La ricerca, coordinata dalla Queen’s University Belfast, ha raccolto dati da 23 studi per un totale di quasi 35mila ragazzi tra i 10 e i 24 anni provenienti soprattutto da paesi anglofoni ed europei ad alto reddito e ha rivelato come, rispetto ai loro coetanei non detenuti, il deficit uditivo risulti quattro volte più frequente tra i giovani passati dal sistema giudiziario, mentre il deficit visivo appare due volte più comune.

Virgili, unico italiano nel team, ha curato il protocollo di ricerca, la selezione degli studi e la sintesi statistica dei risultati dello studio.

“Le patologie più diagnosticate – afferma Virgili – sono l’ipoacusia neurosensoriale (la perdita dell’udito causata da un danno o malfunzionamento delle cellule sensoriali dell’orecchio interno o dei nervi che trasmettono il suono al cervello) e gli errori refrattivi (miopia, ipermetropia, presbiopia, astigmatismo). Condizioni spesso semplici da correggere con un paio di occhiali o un apparecchio acustico, ma che, se trascurate, possono contribuire a un percorso di esclusione e vulnerabilità. Questi problemi sono più rappresentati nei paesi a basso e medio reddito, dove opera il team di ricerca che ha prodotto questa review. Chi non vede o non sente bene – aggiunge – fatica a comunicare, apprendere, relazionarsi. L’ipoacusia infantile, ad esempio, può ostacolare lo sviluppo del linguaggio e la comprensione del mondo circostante, generando frustrazione e isolamento, soprattutto in paesi dove il supporto sanitario e sociale è limitato. I disturbi visivi non corretti, estremamente frequenti in Asia e Sud-est asiatico, compromettono il rendimento scolastico e la fiducia in sé stessi, aumentando il rischio di depressione negli stessi bambini. Con il tempo, queste fragilità possono tradursi in difficoltà comportamentali, abbandono scolastico e rischio di devianza”.

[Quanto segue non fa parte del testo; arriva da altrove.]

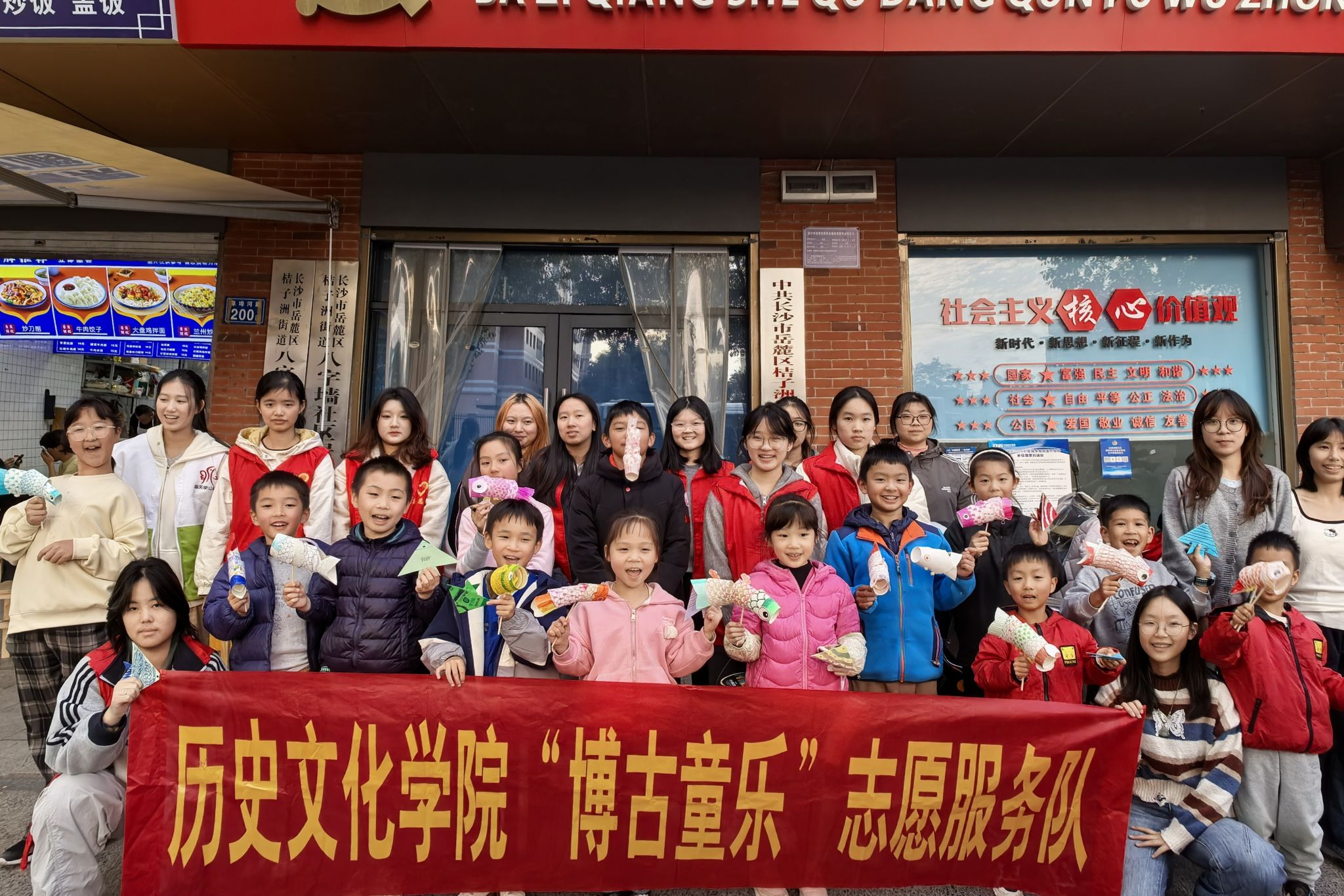活动在全体合影中结束。此次志愿服务通过"讲、问、做、展"的模式,展现了高校与社区共建的文化传承路径,增强了青少年对非遗文化的认知。

Nonostante la prevalenza di disturbi sensoriali tra i giovani detenuti sia da due a quattro volte superiore rispetto ai coetanei, pochissimi studi hanno indagato se correggere questi problemi possa ridurre la recidiva, cioè il ritorno nel sistema di giustizia dopo la scarcerazione. Inoltre, gli autori della review lanciano un appello semplice ma cruciale: condurre ricerca sull’utilità degli screening   per la vista e l’udito all’ingresso nelle strutture di detenzione giovanile, garantendo assistenza adeguata e continuità delle cure dopo il rilascio, un modello attualmente studiato in Malawi da questo Team. Un’azione di prevenzione che, oltre a migliorare la salute, potrebbe diventare uno strumento concreto di riabilitazione e inclusione. Il gruppo di ricerca, infine, sottolinea la necessità di condurre studi nei paesi a basso e medio reddito, dove vive la maggior parte dei giovani detenuti e dove l’accesso ai servizi sanitari è più limitato.

“Un intervento sanitario, anche non particolarmente costoso come un paio di occhiali, può portare a benefici importanti sul piano educativo e delle prospettive economiche in questi paesi. A volte basta davvero vedere e ascoltare meglio per cambiare un destino”.